In his fourth assignment of error, Jackson states that the trial court erred in issuing a restraining order without tailoring its scope to specifically proven facts. He argues that the protection order, which requires him to remain at least ten blocks away from Lindsay and her daughter, is arbitrary, vague and overbroad. Given our disposition of Jackson's first assignment of error, we find this assignment of error to be moot. See App. 12(A)(1)(c). We note, however, that ordering the respondent to stay ten blocks away from the petitioner may not give the respondent sufficient notice of the prohibited conduct, particularly given that the petitioner lives in an area without well-defined blocks. Generally, the contemplated remedy in these types of cases is an order that the respondent stay a certain number of yards away from the petitioner. In any event, the contemplated distance to be specified in the order should allow the respondent to reasonably know when he is violating the order. We are also concerned that the ten-block area around Lindsay's home includes a major interstate. The court should make some provision to allow Jackson to freely travel on the interstate, as long as he is not following Lindsay or her daughter. See, generally, Planned Parenthood Assn. of Cincinnati v. ProjectJericho (1990), 52 Ohio St.3d 56, 556 N.E.2d 157; Woolum v. Woolum (1999), 131 Ohio App.3d 818, 723 N.E.2d 1135. See, also, State v.Maxwell (2000), 165 Or.
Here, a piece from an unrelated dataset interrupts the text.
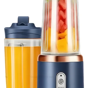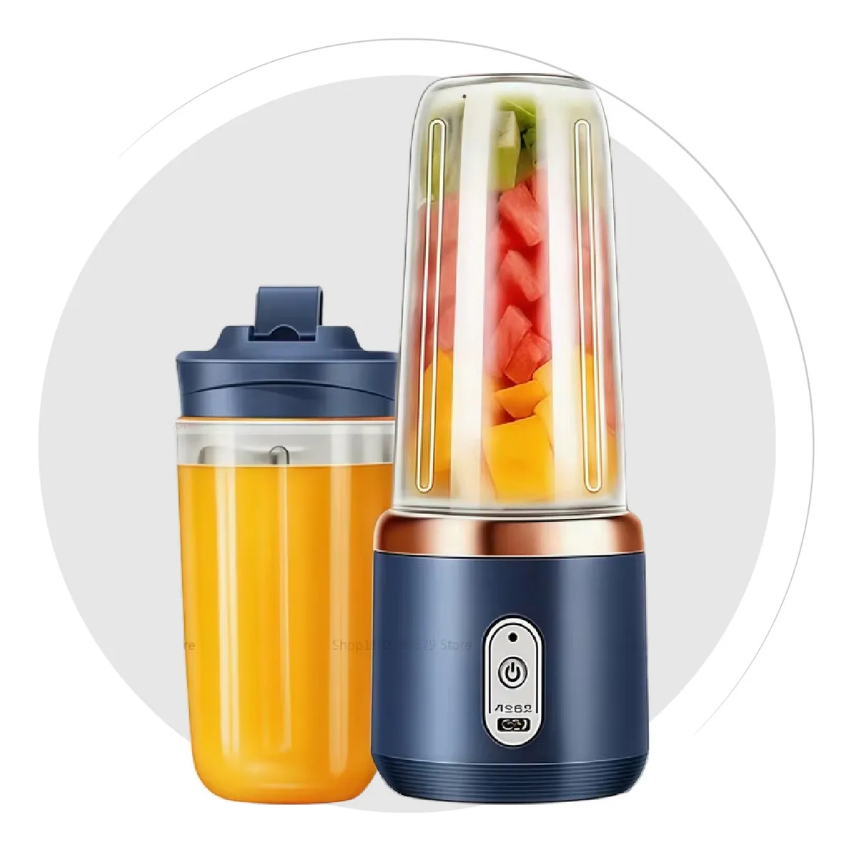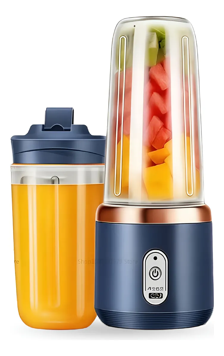 Esta licuadora portátil recargable cuenta con 6 cuchillas de acero inoxidable, motor potente y diseño compacto para llevar al gimnasio, oficina, viajes o uso diario en casa.

App. 467, 998 P.2d 680.
Because of our disposition of the first assignment of error and our holding that Jackson was denied due process of law, we reverse the judgment of the trial court granting the stalking protection order. Consequently, we remand the case to the trial court for proceedings consistent with this decision.
Judgment reversed and cause remanded. DOAN, P.J., PAINTER and WINKLER, JJ.